Any picture in the material should be left out, while all other lines are copied exactly.

__SUPPLIED MATERIAL__:
◆ ◆ ◆ ◆ ◆

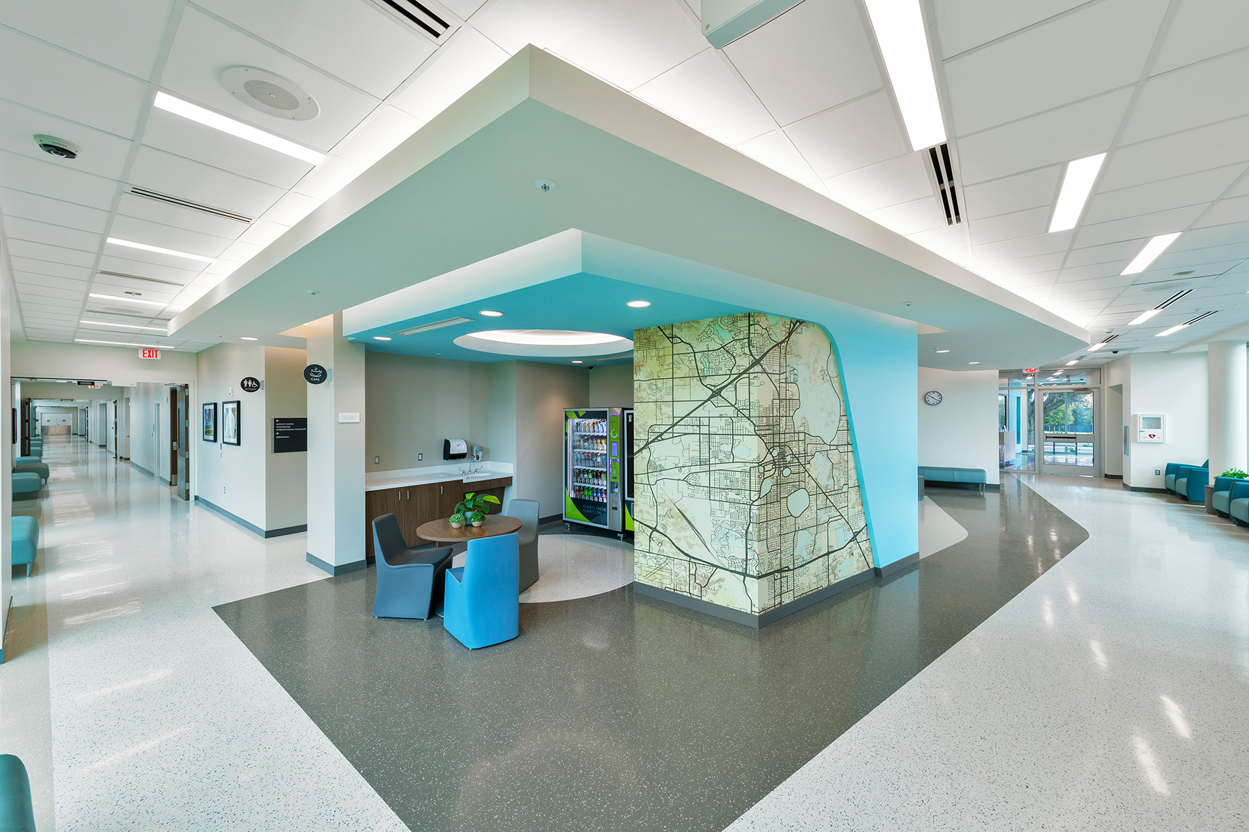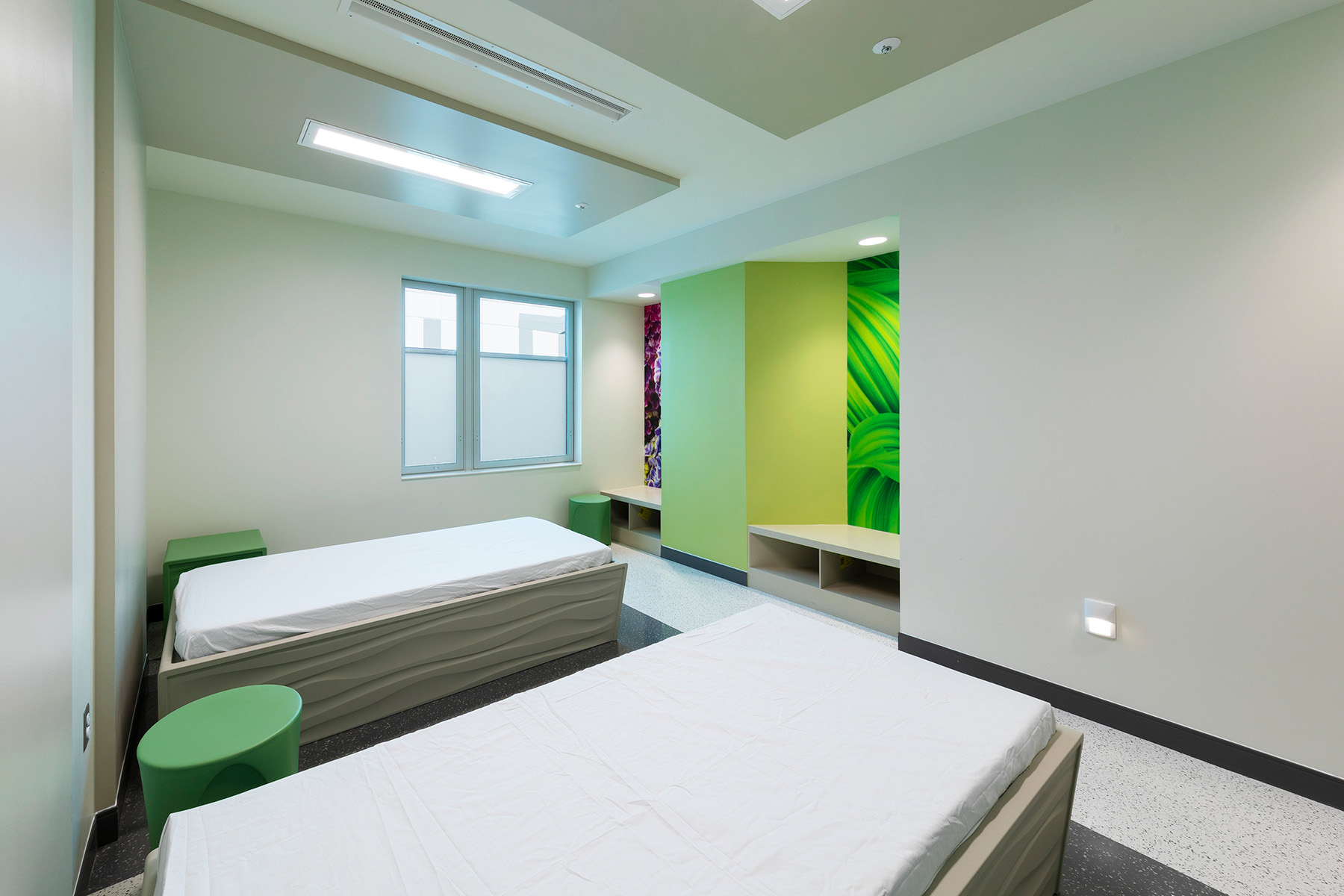 Lakeland Regional Health’s new behavioral health hospital aims to provide comprehensive behavioral healthcare for both adults and children through inpatient and outpatient services. Designed to accommodate up to 96 beds, the facility is comprised of three one-story buildings and is Certified LEED for Healthcare v4. Sustainable design features include premium efficiency equipment, demand controlled ventilation, low-flow plumbing fixtures, LED lighting, environmentally friendly refrigerants, adhesives, and sealants.
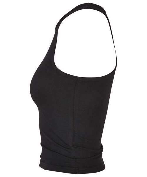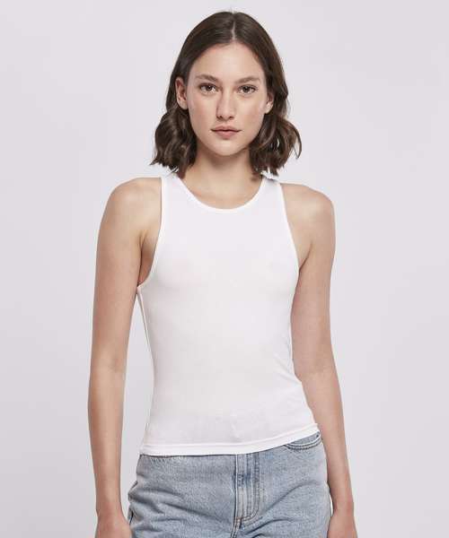 Equipped with a dynamic, sporty racerback cut, the otherwise plain, single-coloured women’s top sets a style statement. This women’s top offers a high crew neck on the front, while the cut is slim fit and the length is kept short. A pleasant wear is ensured by a material mix of cotton and elastane. The summery style can be individually refined further, either by flock or screen printing or with embroidery.
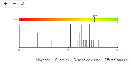 Plus l’indice TAI est proche de 1, mieux la discrétisation retranscrit fidèlement la dispersion des données au sein de ses classes. On considère généralement que la discrétisation est « utilisable » (ses classes retranscrivent de manière suffisamment fidèle la dispersion réelle des valeurs) lorsque le TAI devient supérieur ou égal à 0,65 / 0,7.
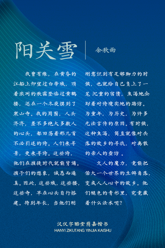 汉仪字酷堂荫嘉楷书作为一款复刻字体,保持了原刻本笔画纤丽,流动带行,点画华滋遒劲,结体宽绰秀美,横直相安、撇捺舒展、重心安稳的风格特点,在贴近书法原貌的同时,还十分注重字符的易读性、辨识性,异体字和古体字标准化。适用于古文、诗歌、短文的排版以及文化类的品牌设计。

◆ ◆ ◆ ◆ ◆

__THE ANSWER__:
 Lakeland Regional Health’s new behavioral health hospital aims to provide comprehensive behavioral healthcare for both adults and children through inpatient and outpatient services. Designed to accommodate up to 96 beds, the facility is comprised of three one-story buildings and is Certified LEED for Healthcare v4. Sustainable design features include premium efficiency equipment, demand controlled ventilation, low-flow plumbing fixtures, LED lighting, environmentally friendly refrigerants, adhesives, and sealants.
 Equipped with a dynamic, sporty racerback cut, the otherwise plain, single-coloured women’s top sets a style statement. This women’s top offers a high crew neck on the front, while the cut is slim fit and the length is kept short. A pleasant wear is ensured by a material mix of cotton and elastane. The summery style can be individually refined further, either by flock or screen printing or with embroidery.
 Plus l’indice TAI est proche de 1, mieux la discrétisation retranscrit fidèlement la dispersion des données au sein de ses classes. On considère généralement que la discrétisation est « utilisable » (ses classes retranscrivent de manière suffisamment fidèle la dispersion réelle des valeurs) lorsque le TAI devient supérieur ou égal à 0,65 / 0,7.
 汉仪字酷堂荫嘉楷书作为一款复刻字体,保持了原刻本笔画纤丽,流动带行,点画华滋遒劲,结体宽绰秀美,横直相安、撇捺舒展、重心安稳的风格特点,在贴近书法原貌的同时,还十分注重字符的易读性、辨识性,异体字和古体字标准化。适用于古文、诗歌、短文的排版以及文化类的品牌设计。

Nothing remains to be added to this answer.